Société des auteurs et compositeurs dramatiques
Même son de cloche chez la SACD. Se félicitant de l'action menée par le FBI et la justice américaine, la société de gestion collective souligne que MegaUpload est "connue pour organiser la mise à disposition illégale d’œuvres protégées par le droit d’auteur et pour réaliser des profits substantiels sur le dos des auteurs et de la création".
Plaidant pour un consensus politique en France autour de la protection du droit d'auteur, du droit moral et du droit patrimonial à l'ère numérique, la SACD explique que "les activités mafieuses autour de la distribution des œuvres culturelles ne peuvent être tolérées. Elles ne sont ni dans l’intérêt du public, amené à payer pour visionner illégalement des œuvres, ni dans celui des créateurs bien entendu".
Hadopi
Victime d'une attaque DDOS dans les minutes qui ont suivi l'annonce de la fermeture de MegaUpload, l'Hadopi a également commenté à l'évènement par la voix de sa présidente, Marie-Françoise Marais. "Ce qui s'est passé aux Etats-Unis est une bonne chose. Megaupload est un site qui offre des services pour lesquels il n'a jamais eu d'autorisation. On peut considérer qu'il s'agit là de contrefaçon".

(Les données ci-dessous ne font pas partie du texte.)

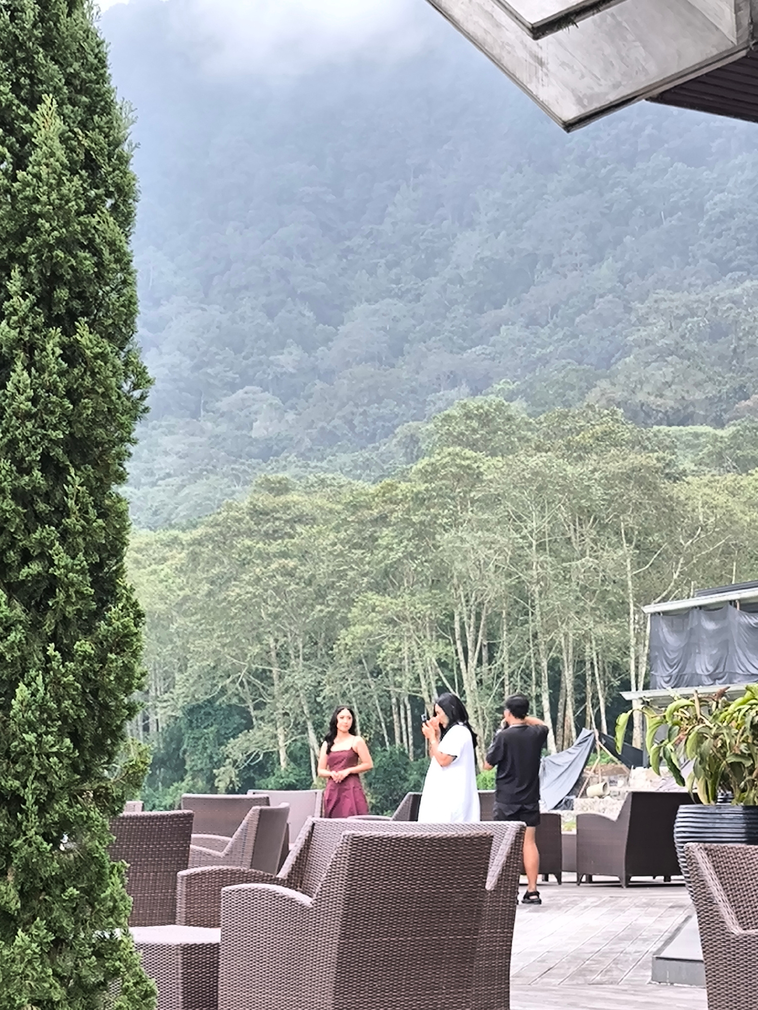 The image depicts an outdoor scene in Sukasada, Indonesia. Three people are present: a woman in a maroon dress, a woman in a white dress holding a phone, and a man in a black shirt and shorts. They ap…read more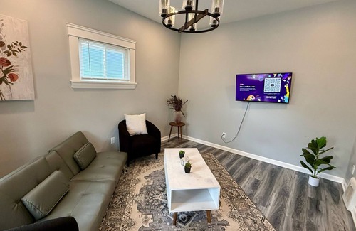 Enjoy modern comfort in this stylishly designed home, perfectly positioned in a prime central location. Nestled on the ground level with just five steps leading to the unit, this thoughtfully arranged space boasts one bedroom comfortably accommodating up to two guests.

"L'action, qui a été menée aux États-Unis, est le fait des ayants droit. Ils ont porté plainte et se sont donc servis de l'arsenal mis à leur disposition légalement pour préserver leurs droits et lutter contre la contrefaçon" note l'Hadopi, en rappelant que les ayants droit peuvent tout à fait procéder à la même action en France, grâce au code pénal qui sanctionne la contrefaçon de 3 ans de prison et 300 000 euros d'amende.
La Quadrature du Net
De son côté, la Quadrature du Net considère qu'au regard des "énormes profits engrangés par MegaUpload grâce à une centralisation des œuvres soumises au droit d'auteur", la position de MegaUpload - qui est décrit comme "un sous-produit direct de la guerre menée contre le partage pair à pair hors-marché entre individus" est "difficilement défendable".
Toutefois, l'initiative citoyenne note que l'affaire a été "conduite en dehors du territoire américain et sans même une décision de justice, cette affaire met en évidence la violence de la guerre disproportionnée menée au nom d'un droit d'auteur dépassé". Ce retrait est le signe d'une "tentative globale de contrôler et de censurer Internet", dans une "guerre" déclarée par les lobbies du copyright.
À l'heure où nous écrivons ces lignes, les réactions du MoDem de François Bayrou et du Parti de Gauche de Jean-Luc Mélenchon ne sont pas connues.